# Logging

Like all problems in data science, performance monitoring starts with collecting the right data in the right format. Because performance monitoring is a concern in nearly all customer-facing computer systems, there is a well-established set of tools and techniques for collecting this data. Data performance monitoting is generally collected using log files. Recall the following best practice:

**Important**
* Ensure that your data are collected at the most granular level possible. This means each data point should represent one user making one action or one event.

Naturally, collecting very granular data will result in very large data sets.
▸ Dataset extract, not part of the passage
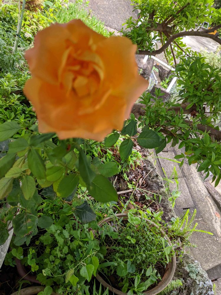 四季咲き性薔薇。切り戻しの効果ありです。陰に移動しています。木漏れ日が少し当たる場所より🌞🤔

If there is a need, you can always summarize the data after it has been collected. Summary level data may mask important patterns and generally it is not possible to go from summary data to granular data. Log files with several million entries can be analyzed on a single node or on a personal machine with little overhead.
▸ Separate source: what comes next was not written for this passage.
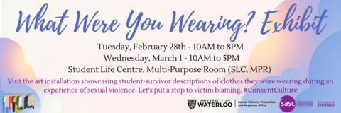 Join the Sexual Violence Prevention and Response Office (SVPRO) and Sexual Assault Centre for Waterloo Region (SASC) for the What Were You Wearing? art installation. What Were You Wearing? is an art exhibit based on student-survivor descriptions of the clothes they were wearing when they were sexually assaulted. Sexual assault survivors are often asked, “what were you wearing?”, implying that what someone wears can cause a sexual assault.
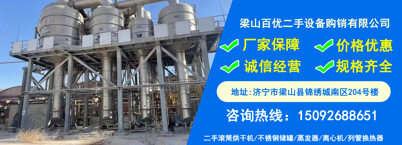 梁山百優(yōu)二手設(shè)備購銷有限公司座落于名揚(yáng)中外、風(fēng)景秀麗的水泊梁山北依黃河,西靠京九鐵路,東臨京滬鐵路,京福高速,日菏,濟(jì)菏高速貫穿全境,交通十分便利。我們從事二手化工設(shè)備回收銷售。我們~長期出售二手化工設(shè)備,二手反應(yīng)釜,搪瓷反應(yīng)釜,不銹鋼反應(yīng)釜,二手壓濾機(jī),廂式壓濾機(jī),板框壓濾機(jī),隔膜壓濾機(jī),二手離心機(jī),三足離心機(jī),臥式刮刀離心機(jī),臥式螺旋沉降離心機(jī),二手分離機(jī),酵母分離機(jī),淀粉分離機(jī),油水分離機(jī),煤泥分離機(jī),二手干燥機(jī),閃蒸干燥機(jī),噴霧干燥機(jī),流化床干燥機(jī),氣流干燥機(jī),管束干燥機(jī),滾筒干燥機(jī),二手冷凝器...

**Note: If the logging is handled by another member of your team or by another team you should ensure that the minimally required data discussed here are available or it will be difficult to monitor your model's performance and/or debug performance related issues.**

# Minimal requirements for log files

These are data that are minimally required for performance monitoring for most model deployment projects. There are other features that fall into this category that are situation dependent, like user_id in a recommendation system, so do not view this list as comprehensive, simply keep it as a reference starting point.

**runtime** - The total amount of time required to process the request. This is a factor that directly affects the end user’s experience and should be monitored.

**timestamp** - Timestamps are needed to evaluate how well the system handles load and concurrency. Additionally, timestamps are useful when connecting predictions to labels that are acquired afterwards. Finally, they are needed for the investigation of events that might affect the relationship between the performance and business metrics.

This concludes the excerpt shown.